## [TASK ITEM]
Reproduce the whole listing word for word. Leave every image out.

## [DATA PROVIDED]
== Segment start ==

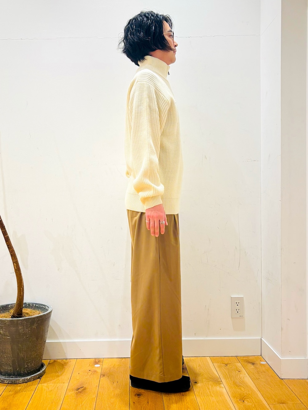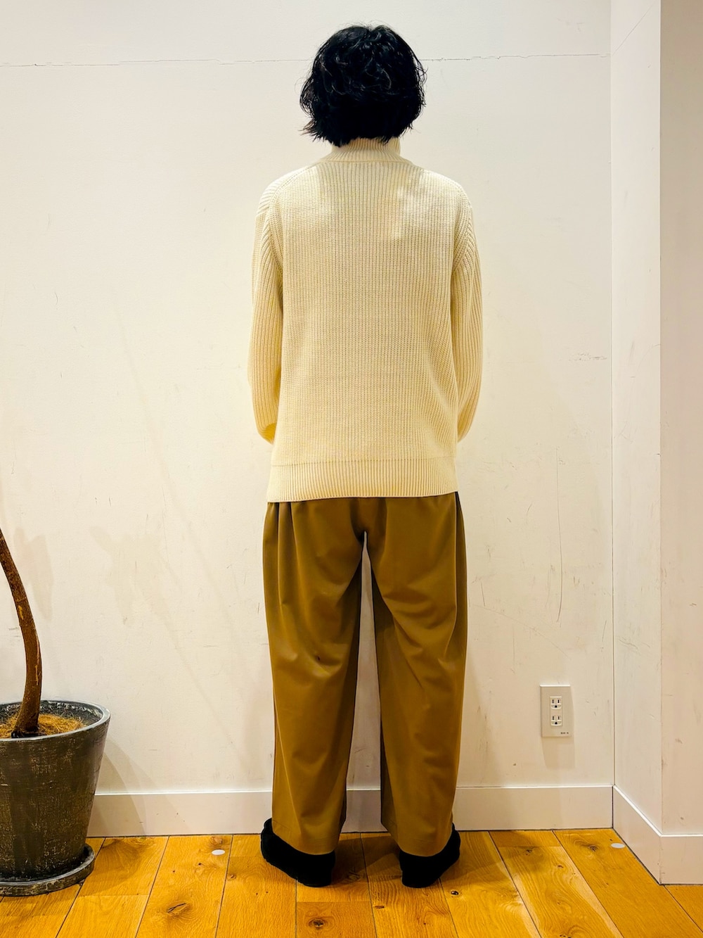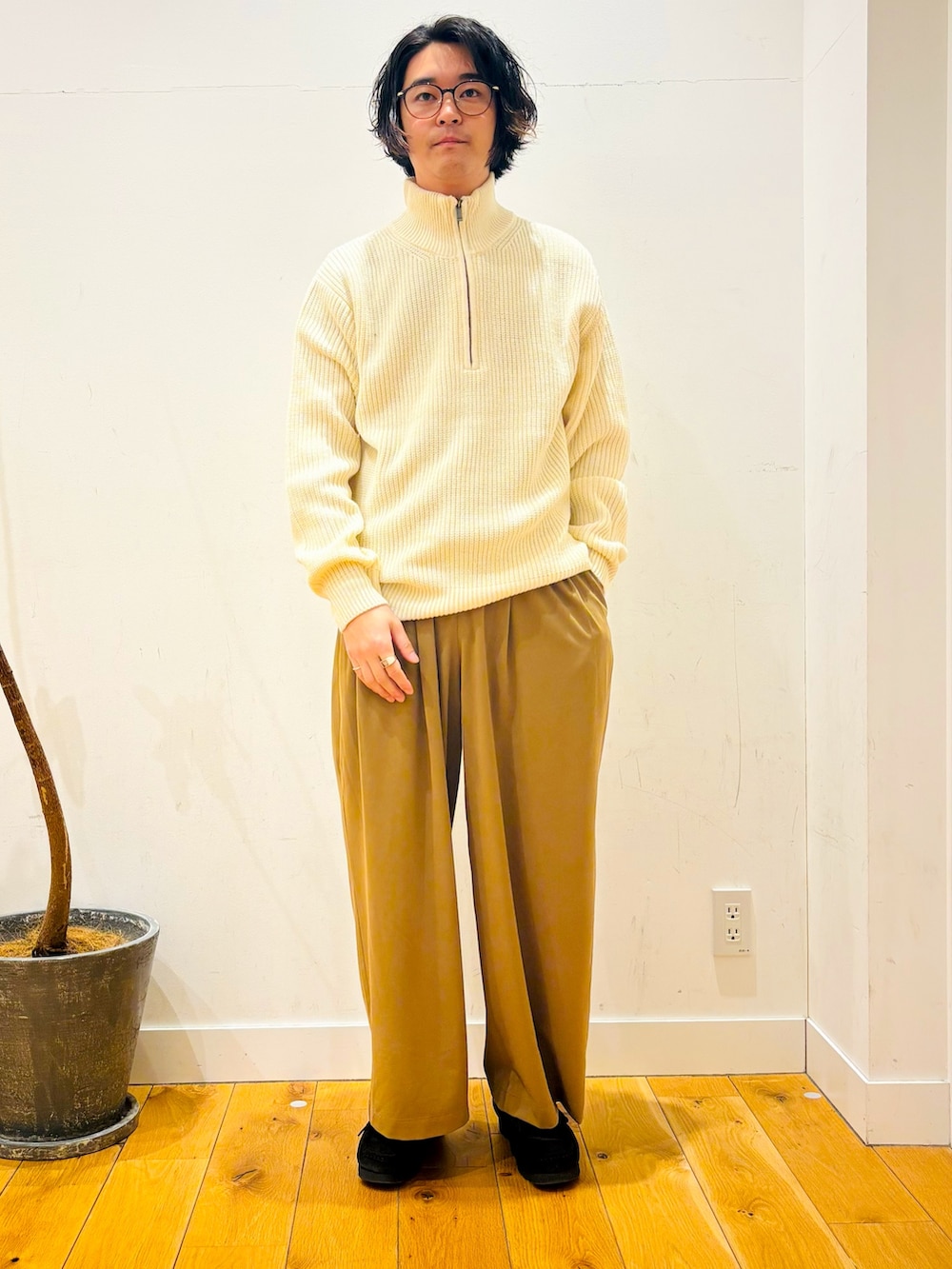 オフホワイトニット+ベージュのスラックス合わせは派手すぎなのでオススメです。
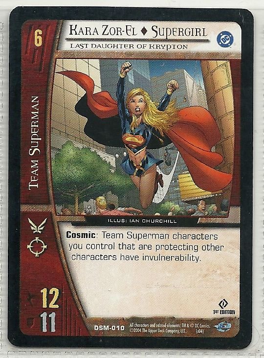 more Great cards @ www.everythingcollectibles.biz For Sale is a vs system Man of Steel Card DSM-010 Kara Zor-El @ Supergirl Last Daughter of Krypton common. all single cards are shipped in Penny Sleeves and top loaders. all orders ship with delivery confirmation as well. we usually ship within 2 days of receiving an order. Shipping is a Flat $2 no matter how many cards you buy 1 or 1000 its still $2.
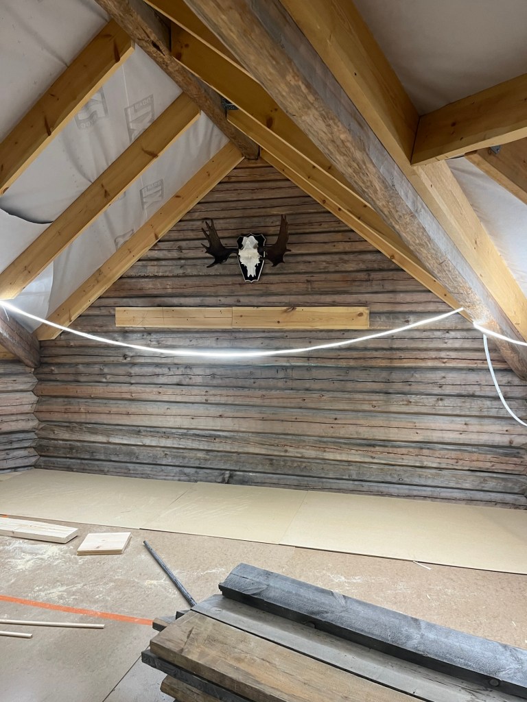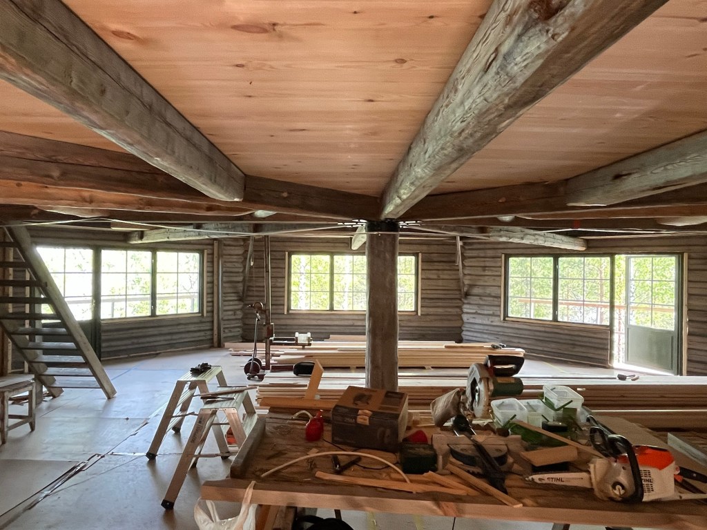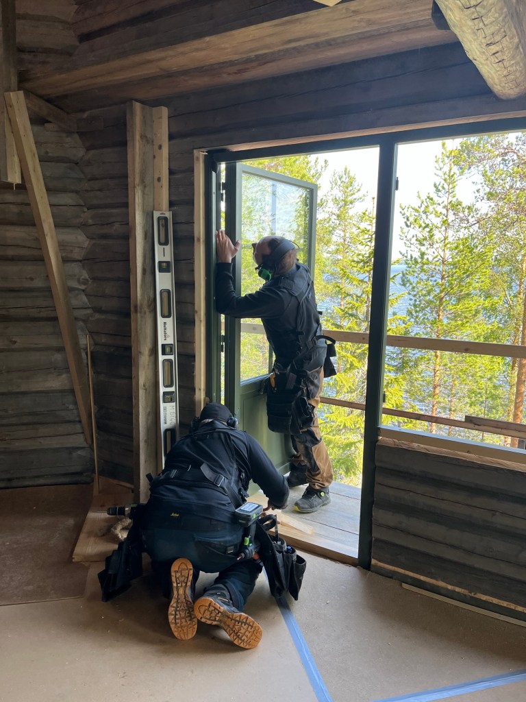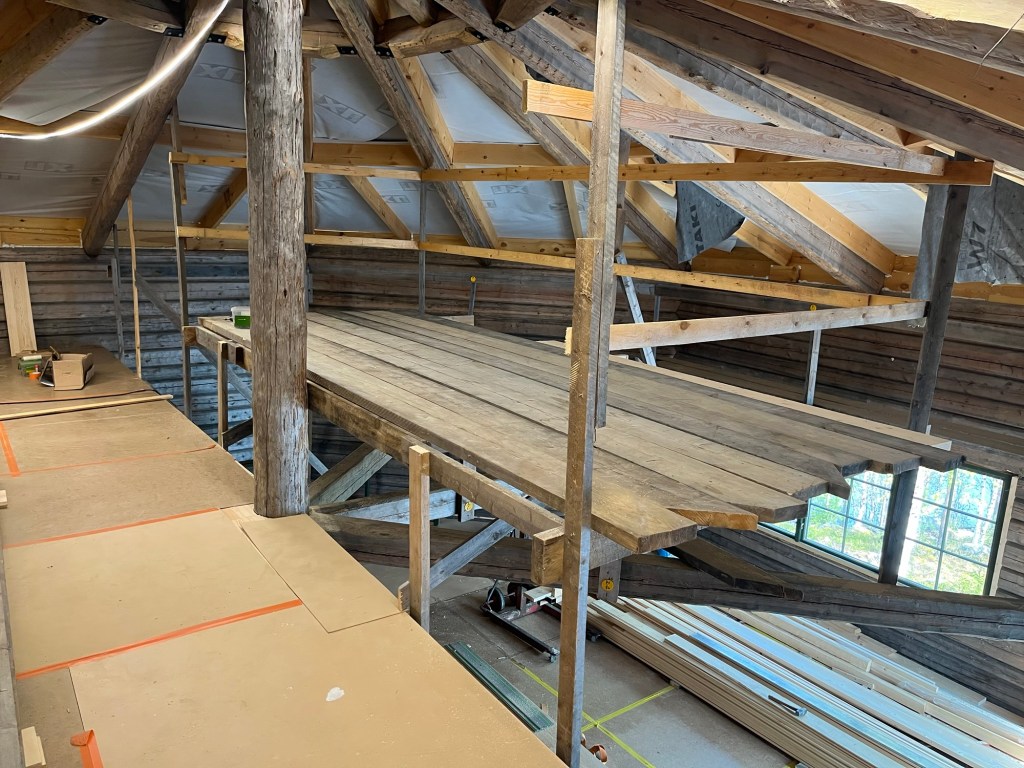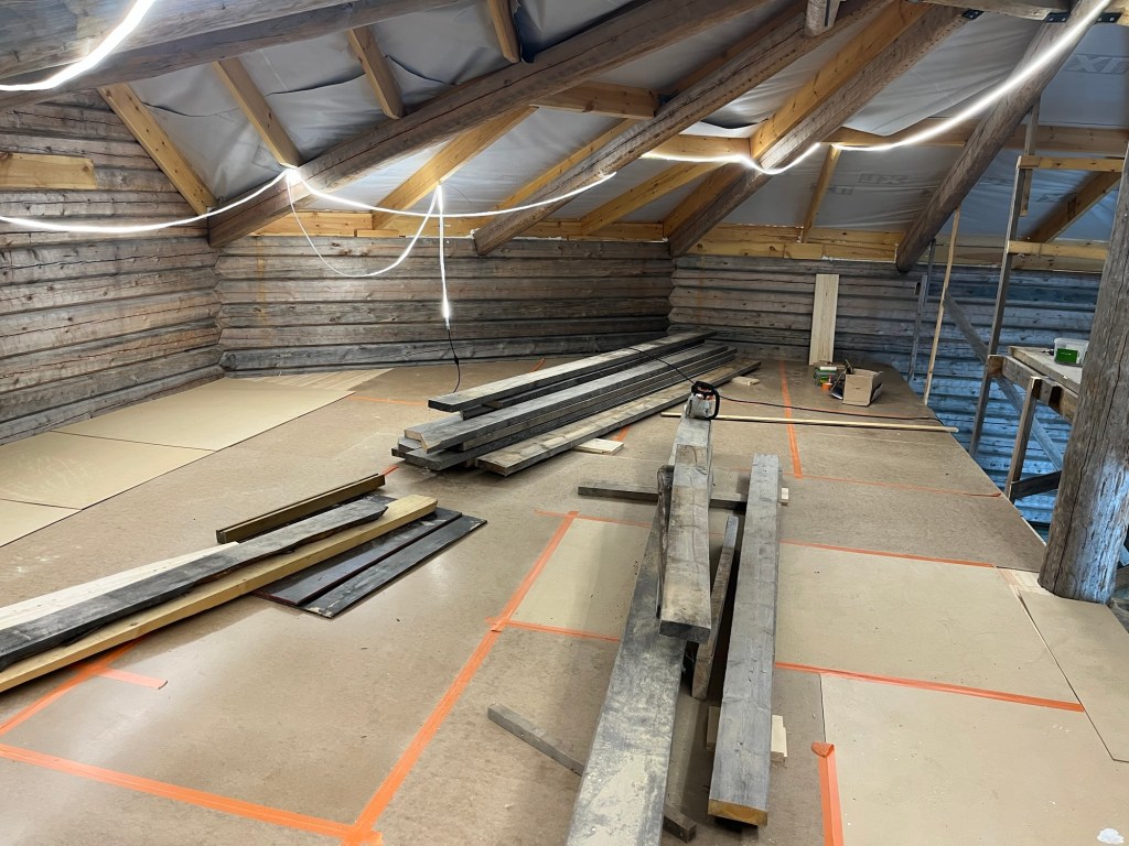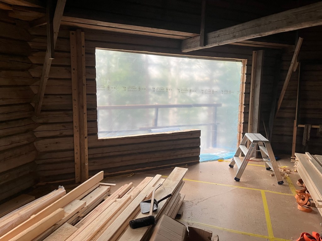 I slutet av maj och början av juni har jag haft fokus på att montera loftgolvet och två dörr- & fönstersektioner.

== Segment end ==

## [TASK ANSWER]
 オフホワイトニット+ベージュのスラックス合わせは派手すぎなのでオススメです。
 more Great cards @ www.everythingcollectibles.biz For Sale is a vs system Man of Steel Card DSM-010 Kara Zor-El @ Supergirl Last Daughter of Krypton common. all single cards are shipped in Penny Sleeves and top loaders. all orders ship with delivery confirmation as well. we usually ship within 2 days of receiving an order. Shipping is a Flat $2 no matter how many cards you buy 1 or 1000 its still $2.
 I slutet av maj och början av juni har jag haft fokus på att montera loftgolvet och två dörr- & fönstersektioner.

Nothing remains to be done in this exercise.